The wind sighed out of the gash and men backed away from it, crouching down. Hromund looked round and saw that none of them would go; he wanted to say that he would, but had persuasive arguments with himself that his place was outside, with his men.
Eindride saw the scornful look on the priest’s face and felt anger surge in him, stoked it with more indignation that this twisted, hirpling follower of a coward’s godlet would dare the place while good northers squatted and looked at the ice and rocks rather than each other.
As good as courage, it welled up and burned the words out of him.
‘I will go.’
Men offered up ‘heya’ to the courage of the archer — then blinked in astonishment as Tormod shouldered through them.

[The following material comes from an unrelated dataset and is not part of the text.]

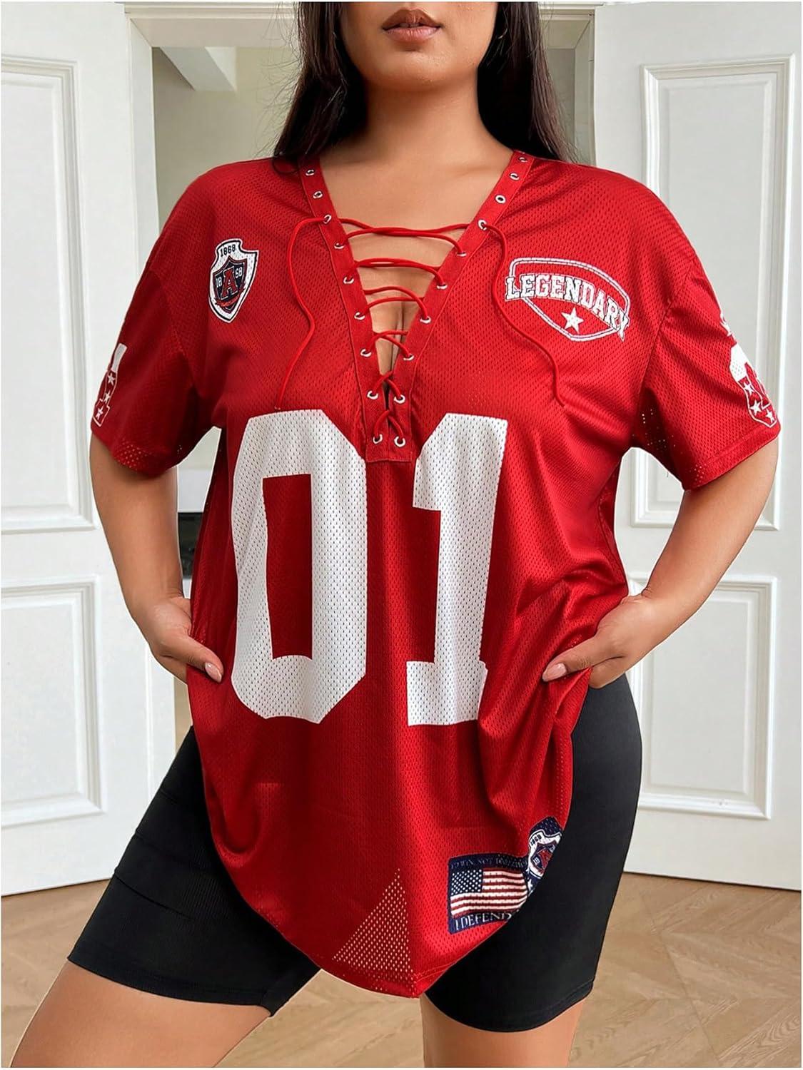 SOLY HUX Women’s Plus Size Jersey Lace Up V Neck Short Sleeve T Shirts Number Graphic Tee Tops Streetwear(Red Graphic)

‘You have a wee son at home — I will go instead.’
He and Eindride looked at each other and the archer smiled at what had not been said — a thrall would not be much missed, even a king’s favourite. He turned to Hromund.
‘If things go badly,’ he said, ‘you will see that my wife and son are safe?’
Hromund nodded and Eindride split his ice-clotted beard with a grin that burst blood on to his cold-chapped lips, then clapped Tormod on the back.
‘Together, then,’ he said.
Two men, not about to be outdone by a thrall, king’s favourite or not, sprang up and announced their names — Kjartan and Arnkel — and their intention not to be shamed. The rest, too afraid even to worry about the shame, offered up no sound at all.